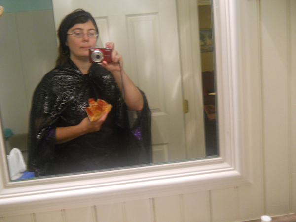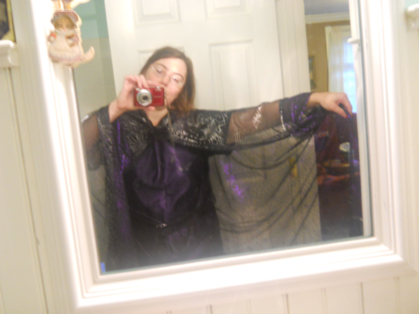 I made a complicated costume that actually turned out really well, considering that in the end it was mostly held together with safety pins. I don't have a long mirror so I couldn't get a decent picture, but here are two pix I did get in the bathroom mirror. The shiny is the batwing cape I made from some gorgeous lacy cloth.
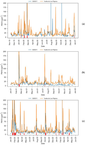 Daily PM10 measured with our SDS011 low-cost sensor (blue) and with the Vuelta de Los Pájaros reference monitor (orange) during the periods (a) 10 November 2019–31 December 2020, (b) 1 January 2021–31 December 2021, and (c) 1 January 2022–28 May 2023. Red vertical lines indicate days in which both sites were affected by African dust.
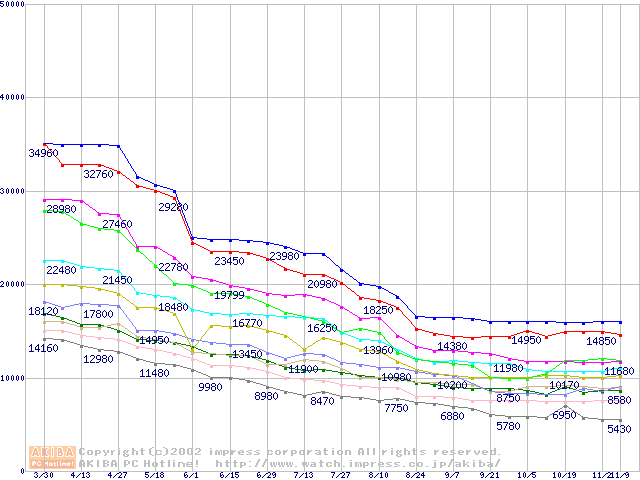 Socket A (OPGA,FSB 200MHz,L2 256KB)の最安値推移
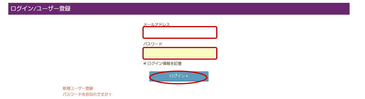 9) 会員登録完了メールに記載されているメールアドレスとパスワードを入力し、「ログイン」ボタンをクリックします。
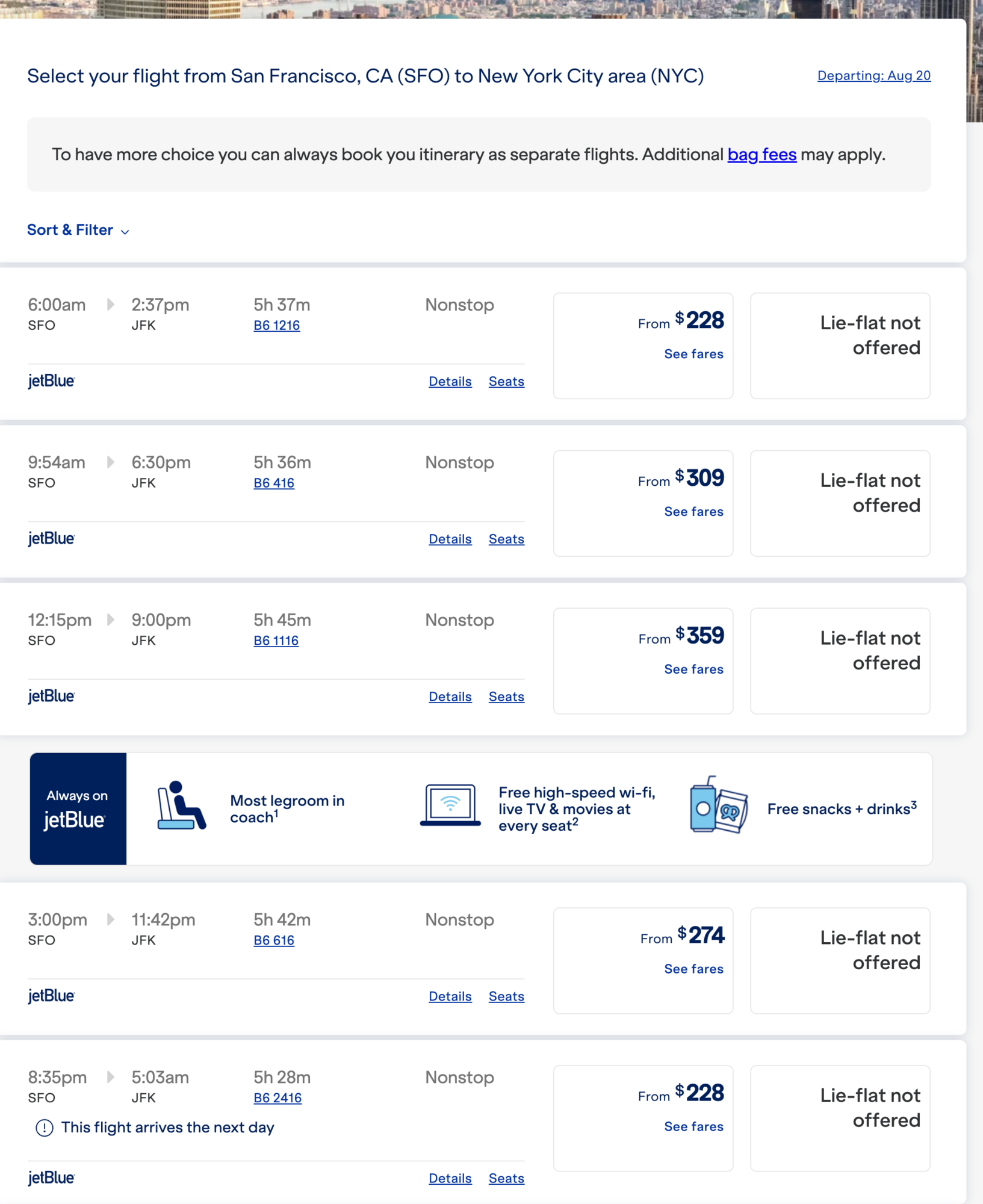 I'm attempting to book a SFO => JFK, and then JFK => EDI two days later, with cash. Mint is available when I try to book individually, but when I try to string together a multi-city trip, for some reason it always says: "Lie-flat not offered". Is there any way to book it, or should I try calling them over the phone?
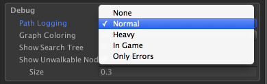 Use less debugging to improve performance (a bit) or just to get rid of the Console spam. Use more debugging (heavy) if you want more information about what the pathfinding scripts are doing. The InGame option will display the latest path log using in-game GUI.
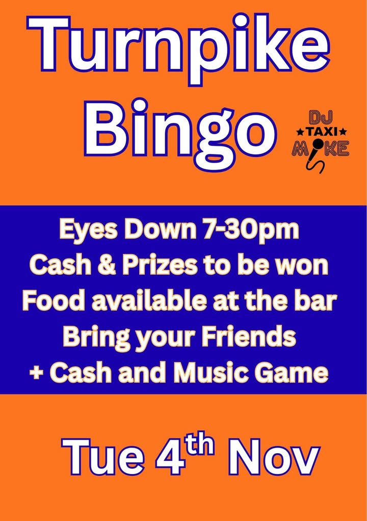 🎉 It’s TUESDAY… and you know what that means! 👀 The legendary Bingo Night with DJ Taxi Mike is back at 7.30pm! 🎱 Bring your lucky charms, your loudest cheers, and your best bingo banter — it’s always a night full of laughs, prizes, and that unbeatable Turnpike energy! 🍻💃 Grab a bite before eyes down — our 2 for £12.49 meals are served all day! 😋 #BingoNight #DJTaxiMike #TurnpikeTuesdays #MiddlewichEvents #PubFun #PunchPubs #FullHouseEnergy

◆ Directions for this task ◆
The listing should be transcribed exactly. No picture is to appear in the transcription.

◆ Task output ◆
 I made a complicated costume that actually turned out really well, considering that in the end it was mostly held together with safety pins. I don't have a long mirror so I couldn't get a decent picture, but here are two pix I did get in the bathroom mirror. The shiny is the batwing cape I made from some gorgeous lacy cloth.
 Daily PM10 measured with our SDS011 low-cost sensor (blue) and with the Vuelta de Los Pájaros reference monitor (orange) during the periods (a) 10 November 2019–31 December 2020, (b) 1 January 2021–31 December 2021, and (c) 1 January 2022–28 May 2023. Red vertical lines indicate days in which both sites were affected by African dust.
 Socket A (OPGA,FSB 200MHz,L2 256KB)の最安値推移
 9) 会員登録完了メールに記載されているメールアドレスとパスワードを入力し、「ログイン」ボタンをクリックします。
 I'm attempting to book a SFO => JFK, and then JFK => EDI two days later, with cash. Mint is available when I try to book individually, but when I try to string together a multi-city trip, for some reason it always says: "Lie-flat not offered". Is there any way to book it, or should I try calling them over the phone?
 Use less debugging to improve performance (a bit) or just to get rid of the Console spam. Use more debugging (heavy) if you want more information about what the pathfinding scripts are doing. The InGame option will display the latest path log using in-game GUI.
 🎉 It’s TUESDAY… and you know what that means! 👀 The legendary Bingo Night with DJ Taxi Mike is back at 7.30pm! 🎱 Bring your lucky charms, your loudest cheers, and your best bingo banter — it’s always a night full of laughs, prizes, and that unbeatable Turnpike energy! 🍻💃 Grab a bite before eyes down — our 2 for £12.49 meals are served all day! 😋 #BingoNight #DJTaxiMike #TurnpikeTuesdays #MiddlewichEvents #PubFun #PunchPubs #FullHouseEnergy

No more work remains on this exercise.